Recipe: Boil the bag of veg with stock and seasonings, liquidise, dilute, eat. Or drink. We had a discussion at work about that – do you eat soup or drink it? My view is that you eat it if you use a spoon, but drink it if you sup it directly out of a receptacle. Anyone have any other views on what is a long-running topic in the shop? (We tend to avoid politics and religion in favour of coin design, soup consumption and the various roadworks in the city).

It came out a little bit beige, due, I think, to the presence of potato and swede and the low quantity of carrot. Apart from that, the basic soup turned out well. The seasoning left a little to be desired as I used garlic, ginger, lime juice and too much chilli. I must buy lemons, as the lime isn’t quite right. I must also restrain my tendency to add a bit more chilli. It never looks to be enough. However, a little goes a long way and soup is supposed to be nutritious rather than a test of fortitude.
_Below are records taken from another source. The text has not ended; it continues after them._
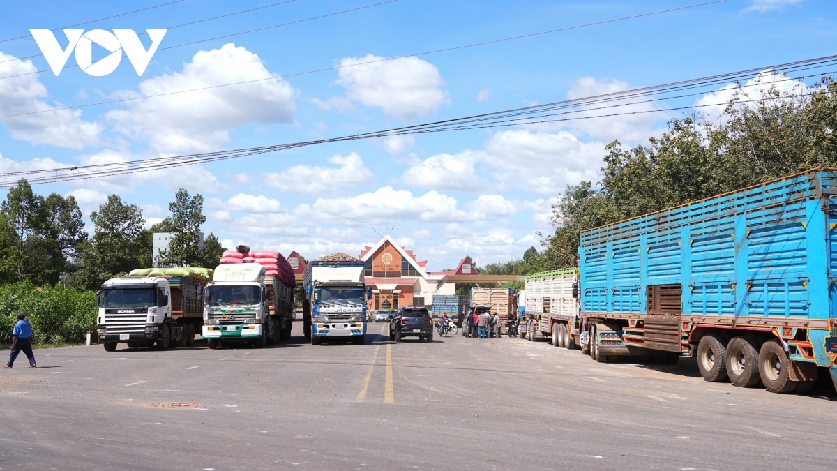 Hàng xe nông sản nối dài tại Cửa khẩu Quốc tế Xa Mát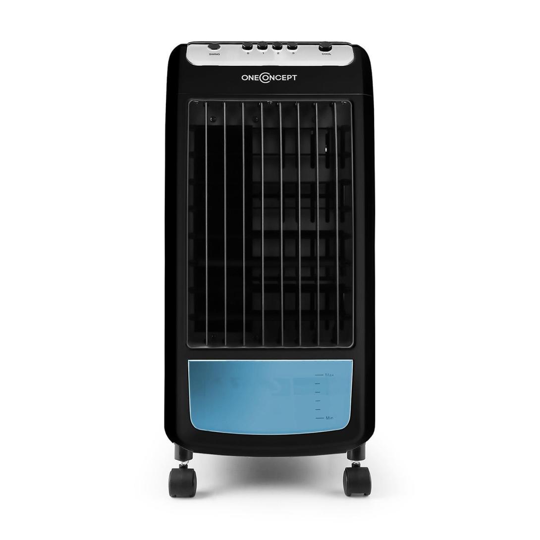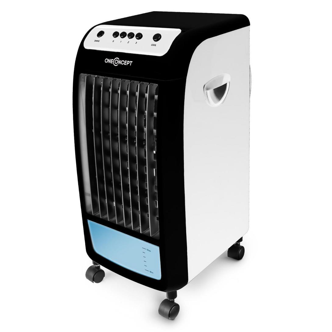 Chladič vzduchu CarribeanBlue od spoločnosti oneConcept zaboduje aj svojim dizajnom. Je to kompaktné zariadenie, ktoré sa hodí do mnohých priestorov, kde sa vrtuľové ventilátory nezmestia. Jeho konštrukcia je z pekného bieleho plastu s čiernym lemom hrán a dá sa ľahko vyčistiť s prachovkou alebo vlhkou utierkou.
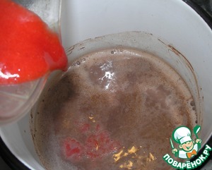Как только смесь закипит, спустя пару минут необходимо добавить полученный клубничный сок, постоянно помешивая, и 1/4 ч. л. ванилина.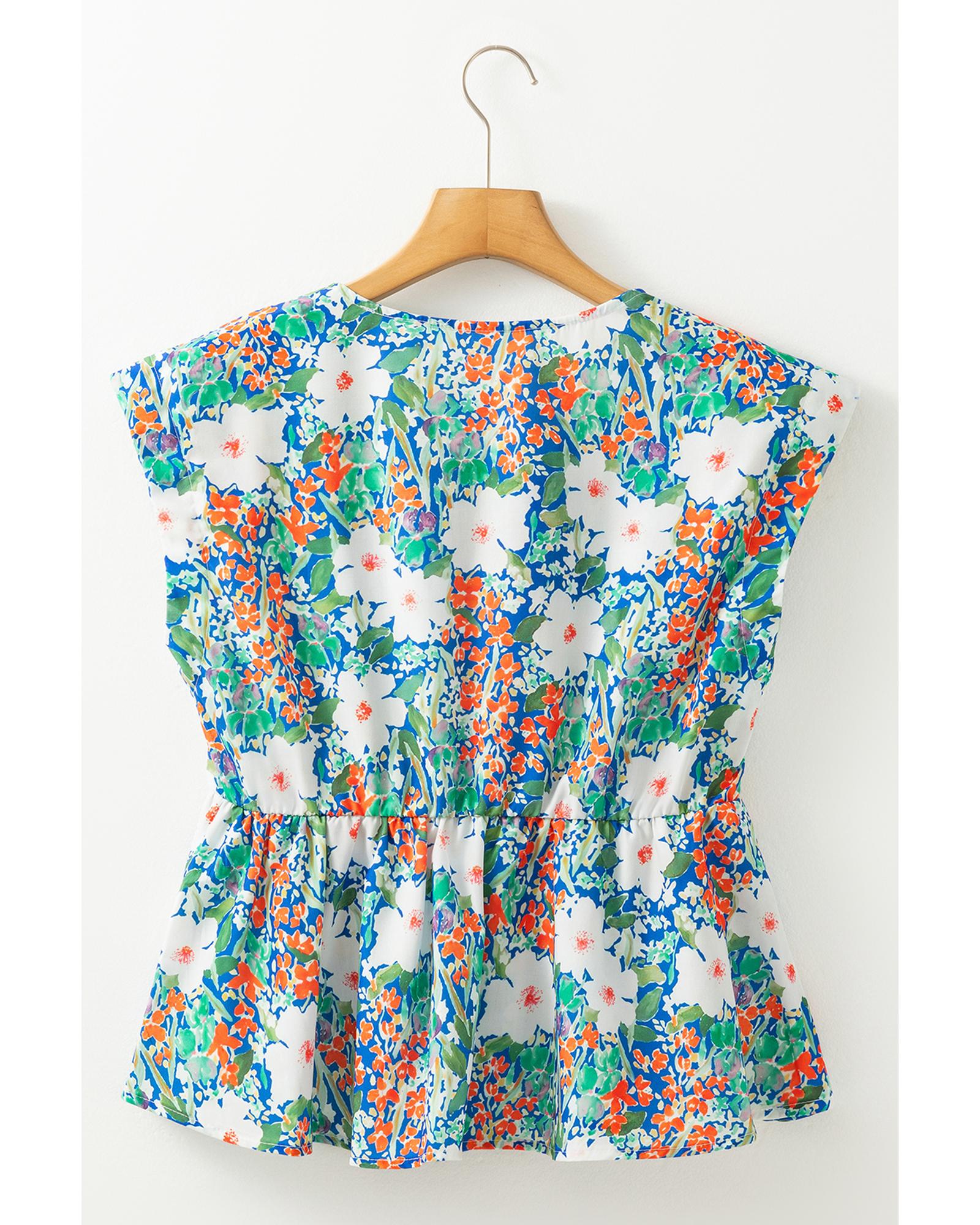 - Green floral print sleeveless peplum blouse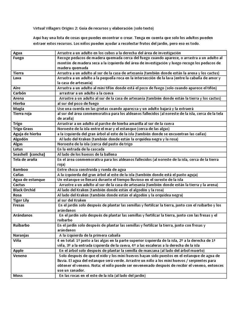 Virtual Villagers Origins 2: Guía de recursos y elaboración (solo texto)
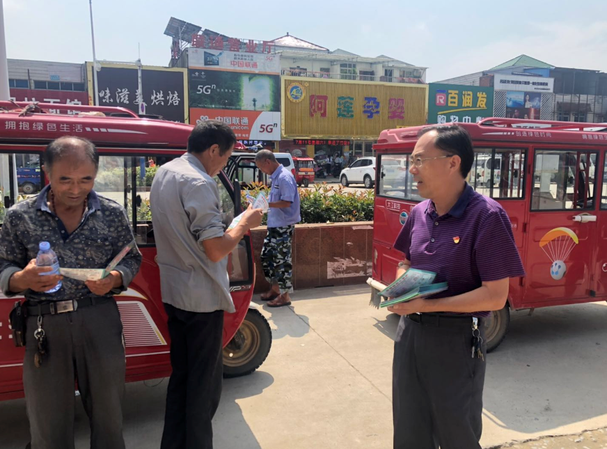 7月16日下午,人事处党员志愿者来到毛集镇兴湖路附近的居民区开展防疫宣传活动,引导群众做好疫情期间的个人安全防护工作。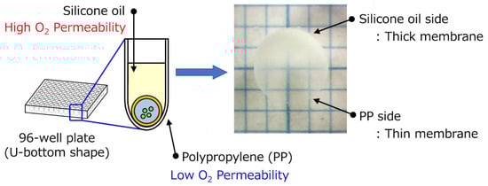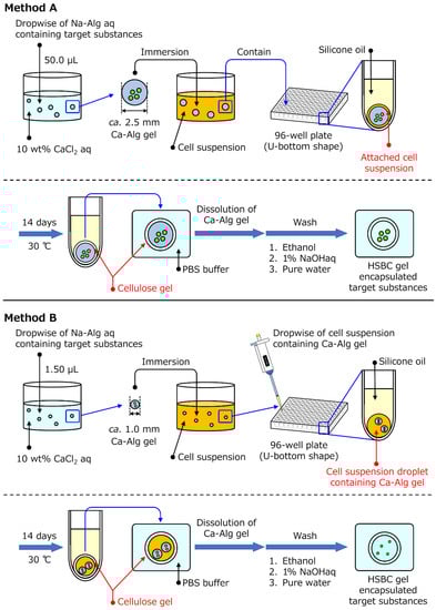 The HS medium was sterilized via autoclaving, and then G. xylinus (IFO13772) was cultured in the HS medium at 30 °C for 3 days. The prepared spherical Ca-Alg gels that included the target substances were immersed in the cultured cell suspension and inoculated with G. xylinus for one day at 30 °C. In method A, spherical Ca-Alg gels, where the cell suspension remained at the gel surface, were immersed in each well of a 96-well plate (Caplugs Evergreen, Buffalo, New York, item: 290-8353-03R) filled with silicone oil. In method B, a 10-µL cell suspension with small Ca-Alg gels including micrometer-sized particles was dropped in each well filled with silicone oil. While maintaining these states, G. xylinus in the cell suspension was cultured for a specified period at 30 °C. This 96-well plate had a U-shaped bottom and was composed of PP. In both methods A and B, the BC gelatinous membrane was produced on the interface of the cell suspension and the silicon oil. After 2 weeks, the resulting gel was immersed in phosphate buffered saline (PBS) to dissolve the Ca-Alg gel. After removing the Ca-Alg gel, the remaining silicone oil on the HSBC gel was removed by washing with ethanol. The substance-encapsulated HSBC gel thus produced was purified by soaking it in a large amount of distilled water for 1 day, followed by washing in a 1% (w/v) aqueous solution of NaOH at room temperature for 1 additional day to remove the bacterial cell debris and alkali-soluble components completely. Then, it was washed several times with a large amount of distilled water and stored in distilled water at room temperature.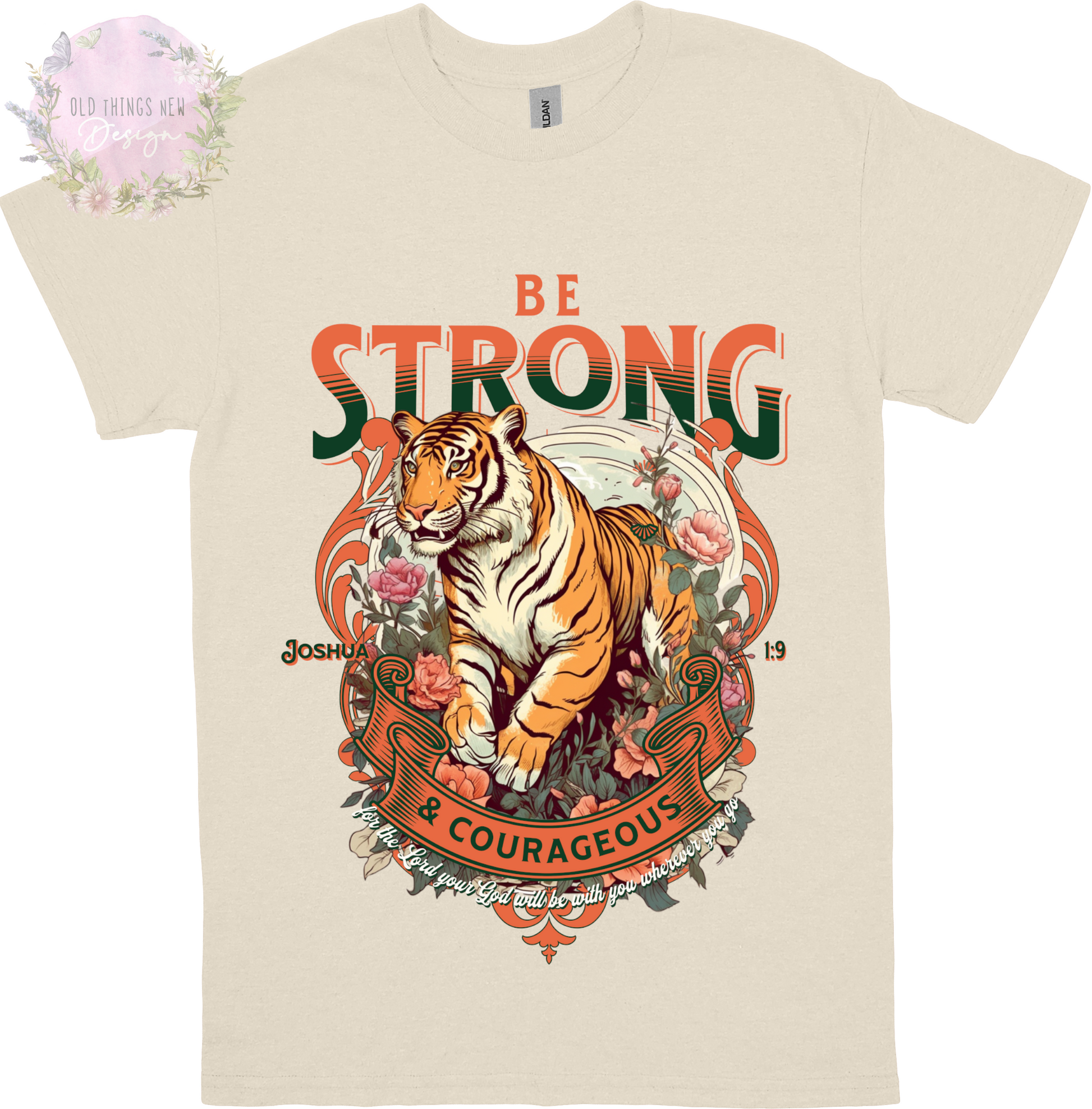 "Find strength and courage with our Be Strong And Courageous tee featuring the classic verse from Joshua 1:9 and an emboldened tiger graphic. Let this powerful message and fierce design inspire and motivate you to tackle any challenge!"
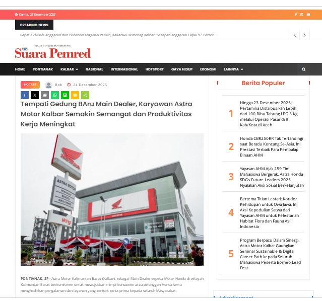 Tempati Gedung BAru Main Dealer, Karyawan Astra Motor Kalbar Semakin Semangat dan Produktivitas Kerja Meningkat by masmul 24 Desember 2025 in Silahkan kunjungi https://www.suarapemredkalbar.com/read/potret/24122025/tempati-gedung-baru-main-dealer-karyawan-astra-motor-kalbar-semakin-semangat-dan-produktivitas-kerja-meningkat. You Might Like Regional Public Launching New ADV160 The SUV Pride Grand Launching New PCX 160 Truly Exceptional! Tetap hati-hati ya bro sist berkendara saat hujan.
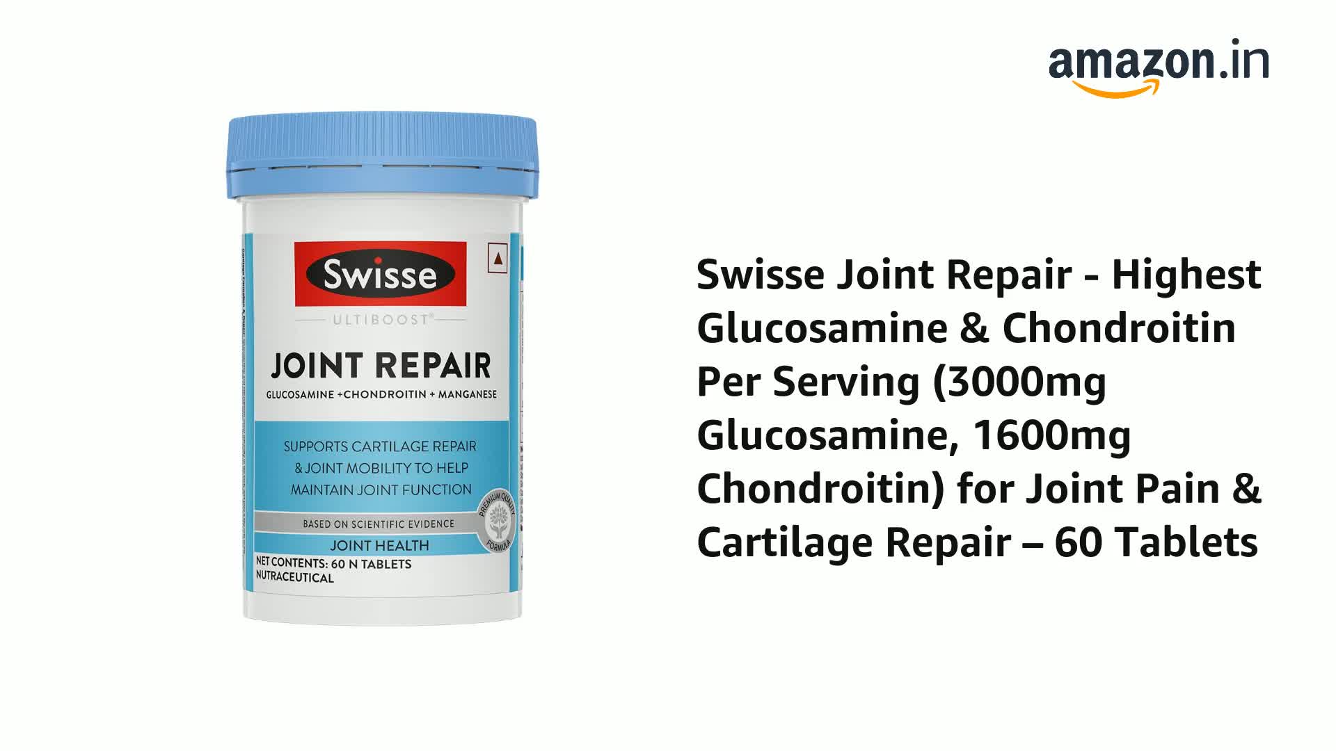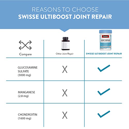 Swisse Joint Repair - Highest Glucosamine & Chondroitin Per Serving (3000mg Glucosamine, 1600mg Chondroitin) for Joint Pain & Cartilage Repair – 60 Tablets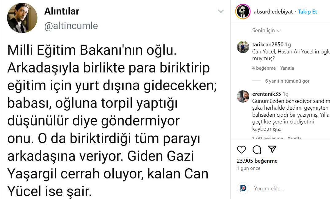 Güler Yücel’in açıklamaları da iddiayı yanlışlar nitelikte. Hasan Ali Yücel, oğlu Can Yücel’in yurt dışına çıkmasına dönemin siyasi koşullarından dolayı istememiş. Can Yücel o dönem yakın arkadaşı Gazi Yaşargil’e harçlıklarını vermiş olabilir ancak Yaşargil kendi ailesinin imkanları dahilinde yurt dışına gittiğini açıklamış. Daha sonrasında Can Yücel’in Cambridge’e eğitime gittiği de biliniyor.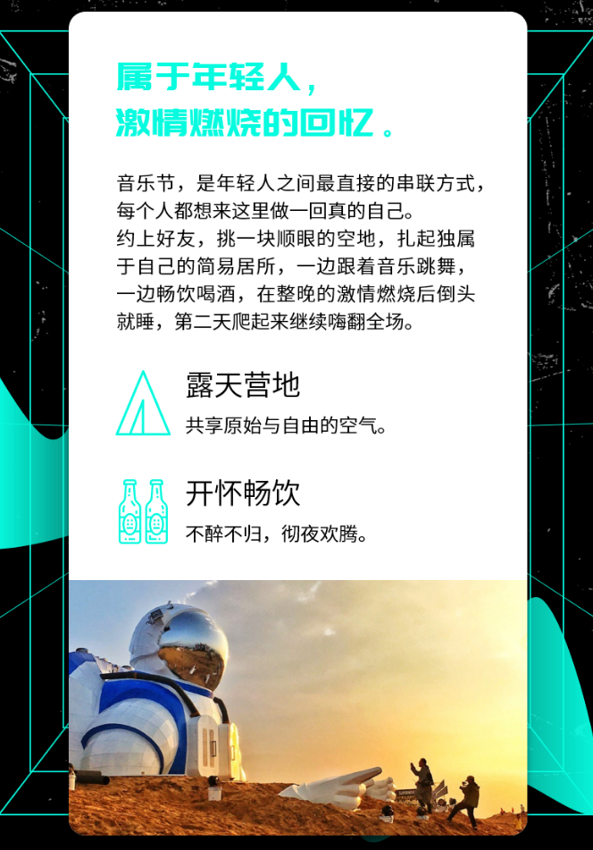 来吧!来这里吧!那些散落在全国的“漠星居民”,聆听这启程的号角声吧!让我们以5周年之名,跨越时间与空间的维度,齐聚这场狂欢派对。在2021MTA天漠音乐节,正式来临之前,用一波又一波炙热的音浪唤醒我们,沙漠与音乐的记忆。

Quantity? Well, I had a soup flask of it for lunch yesterday (a bowl and a half or thereabouts) and we had two bowls of it last night for tea. We will be having it for lunch today and for lunch tomorrow (I’m trying to cut more bread out). After that I think we should be about finished, though lunch on Friday is a possibility.

Tips for next time – only use half the bag, add a carrot and use less chilli. Possibly add turmeric, which is always good to bring the colour up.

Making soup always reminds me of the soup sessions we used to do on the farm. I used to do one with schools making vegetable soup from a supermarket bag. Out of a dozen kids it was rare that you could get more than one or two to taste the soup.  They claimed to eat soup at home, but didn’t trust anything that had been made in front of them from vegetables, stock cubes and water. They preferred “proper soup” from a can or sachet.